## TASK ITEM
Somewhere below, one line contains "JD Space Aluminum" and a later line contains "Вентилятор осевой вытяжной". Output those two lines and everything between them exactly, and nothing else.

## AVAILABLE DATA
*** Begin section ***
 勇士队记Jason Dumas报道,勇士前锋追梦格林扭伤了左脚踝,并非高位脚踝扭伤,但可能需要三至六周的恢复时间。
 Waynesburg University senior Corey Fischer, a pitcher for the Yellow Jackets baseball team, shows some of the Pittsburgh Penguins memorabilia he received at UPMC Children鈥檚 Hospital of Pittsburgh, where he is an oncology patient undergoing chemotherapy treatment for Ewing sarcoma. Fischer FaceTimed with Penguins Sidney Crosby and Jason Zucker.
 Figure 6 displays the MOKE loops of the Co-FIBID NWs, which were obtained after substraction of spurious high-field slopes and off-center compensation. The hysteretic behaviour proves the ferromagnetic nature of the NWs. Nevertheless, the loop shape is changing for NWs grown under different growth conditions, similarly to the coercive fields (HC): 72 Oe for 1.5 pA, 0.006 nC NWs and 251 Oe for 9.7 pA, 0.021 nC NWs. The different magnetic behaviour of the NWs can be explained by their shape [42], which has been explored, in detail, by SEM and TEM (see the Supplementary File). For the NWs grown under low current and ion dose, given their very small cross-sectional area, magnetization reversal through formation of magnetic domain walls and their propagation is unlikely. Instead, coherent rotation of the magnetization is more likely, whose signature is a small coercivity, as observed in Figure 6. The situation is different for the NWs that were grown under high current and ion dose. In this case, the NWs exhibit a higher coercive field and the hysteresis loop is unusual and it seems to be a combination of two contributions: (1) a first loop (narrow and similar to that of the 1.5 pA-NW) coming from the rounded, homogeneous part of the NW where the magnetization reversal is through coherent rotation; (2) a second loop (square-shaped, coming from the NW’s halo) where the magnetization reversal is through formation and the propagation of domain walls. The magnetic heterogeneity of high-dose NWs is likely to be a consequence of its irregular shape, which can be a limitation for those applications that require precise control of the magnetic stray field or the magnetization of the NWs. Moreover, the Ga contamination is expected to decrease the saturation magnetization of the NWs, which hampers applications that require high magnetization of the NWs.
*** End section ***
*** Begin section ***
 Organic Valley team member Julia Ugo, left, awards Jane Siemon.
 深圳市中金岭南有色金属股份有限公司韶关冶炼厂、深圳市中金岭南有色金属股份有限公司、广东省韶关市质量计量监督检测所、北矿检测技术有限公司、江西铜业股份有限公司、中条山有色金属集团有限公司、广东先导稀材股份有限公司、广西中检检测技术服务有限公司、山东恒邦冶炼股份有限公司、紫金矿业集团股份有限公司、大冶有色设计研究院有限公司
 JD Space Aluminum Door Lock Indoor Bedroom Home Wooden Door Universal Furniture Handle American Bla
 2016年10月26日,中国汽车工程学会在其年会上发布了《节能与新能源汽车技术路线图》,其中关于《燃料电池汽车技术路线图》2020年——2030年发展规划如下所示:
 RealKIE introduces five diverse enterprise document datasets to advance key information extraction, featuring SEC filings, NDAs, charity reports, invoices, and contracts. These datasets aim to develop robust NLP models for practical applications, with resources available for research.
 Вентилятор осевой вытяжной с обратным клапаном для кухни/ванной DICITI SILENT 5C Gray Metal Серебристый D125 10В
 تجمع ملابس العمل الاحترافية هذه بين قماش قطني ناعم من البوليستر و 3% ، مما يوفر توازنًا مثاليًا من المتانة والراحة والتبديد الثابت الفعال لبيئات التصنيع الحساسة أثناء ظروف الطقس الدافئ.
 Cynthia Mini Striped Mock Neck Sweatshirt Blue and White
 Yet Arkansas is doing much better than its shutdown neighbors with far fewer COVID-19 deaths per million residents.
*** End section ***
*** Begin section ***
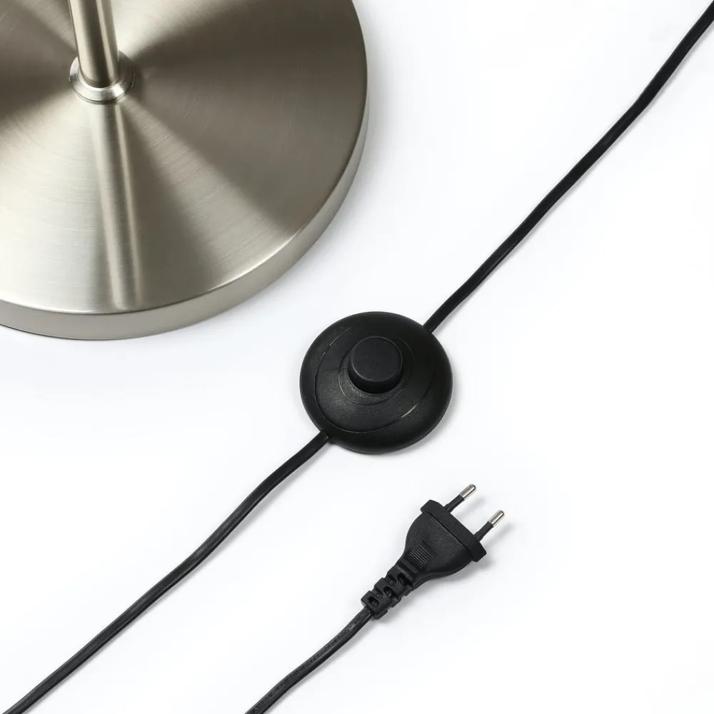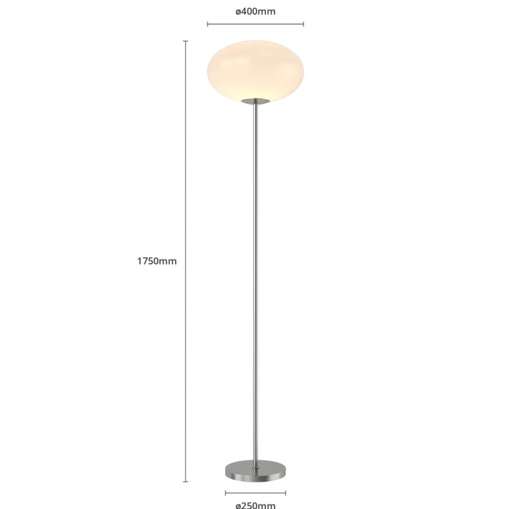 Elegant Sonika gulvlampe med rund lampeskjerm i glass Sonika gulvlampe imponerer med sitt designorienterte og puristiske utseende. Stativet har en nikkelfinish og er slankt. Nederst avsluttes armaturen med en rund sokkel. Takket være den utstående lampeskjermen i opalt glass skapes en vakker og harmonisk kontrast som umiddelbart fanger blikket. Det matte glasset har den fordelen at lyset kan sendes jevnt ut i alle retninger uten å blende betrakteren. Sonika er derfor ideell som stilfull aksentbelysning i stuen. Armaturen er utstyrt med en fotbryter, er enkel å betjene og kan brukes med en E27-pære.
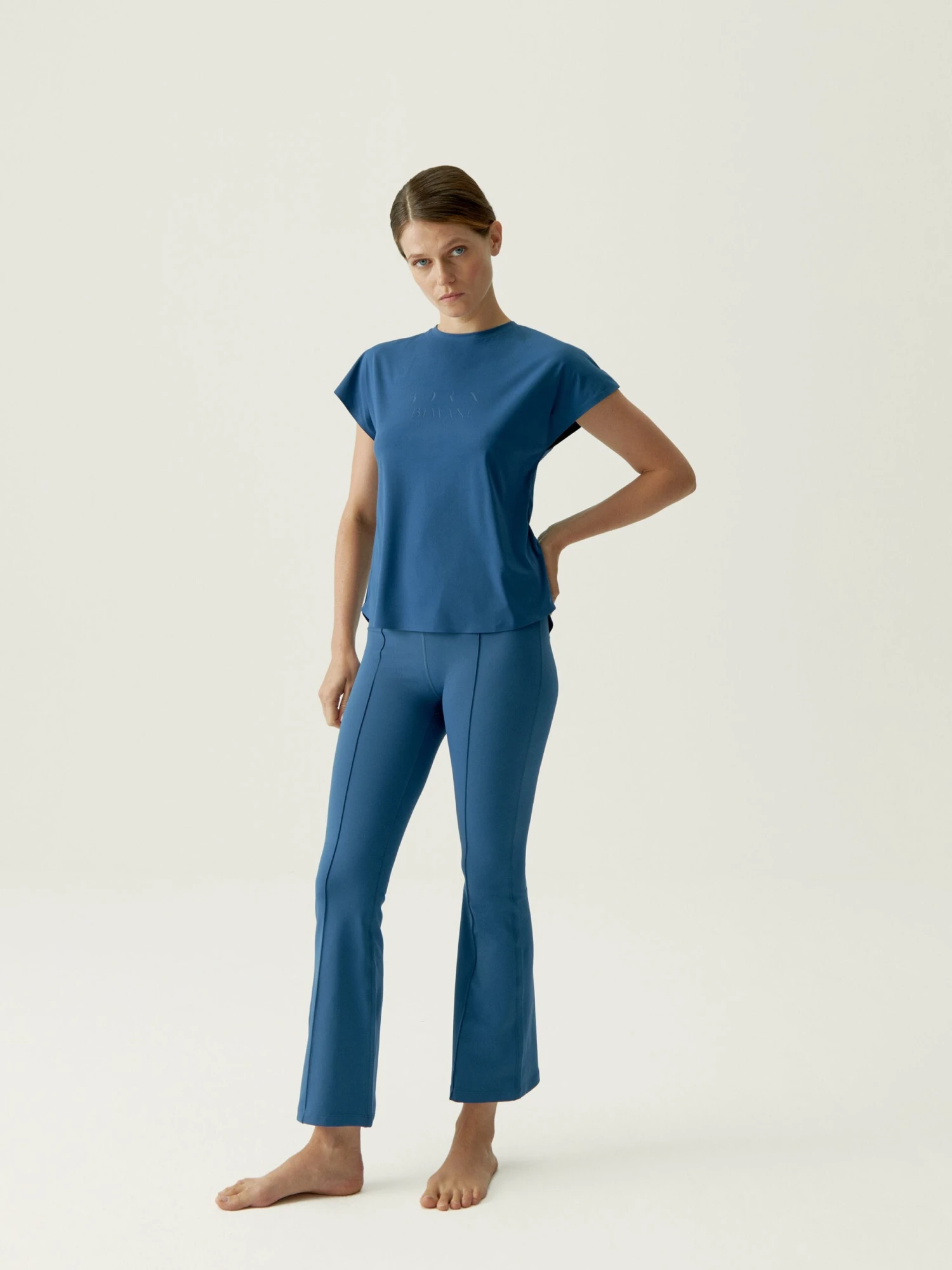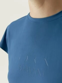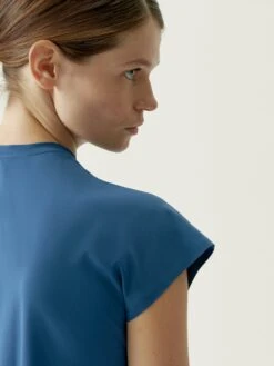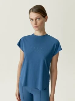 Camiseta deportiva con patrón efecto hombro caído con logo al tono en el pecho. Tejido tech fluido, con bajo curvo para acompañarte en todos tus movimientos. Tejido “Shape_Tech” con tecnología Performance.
*** End section ***
## ANSWER TO THIS PROBLEM
 JD Space Aluminum Door Lock Indoor Bedroom Home Wooden Door Universal Furniture Handle American Bla
 2016年10月26日,中国汽车工程学会在其年会上发布了《节能与新能源汽车技术路线图》,其中关于《燃料电池汽车技术路线图》2020年——2030年发展规划如下所示:
 RealKIE introduces five diverse enterprise document datasets to advance key information extraction, featuring SEC filings, NDAs, charity reports, invoices, and contracts. These datasets aim to develop robust NLP models for practical applications, with resources available for research.
 Вентилятор осевой вытяжной с обратным клапаном для кухни/ванной DICITI SILENT 5C Gray Metal Серебристый D125 10В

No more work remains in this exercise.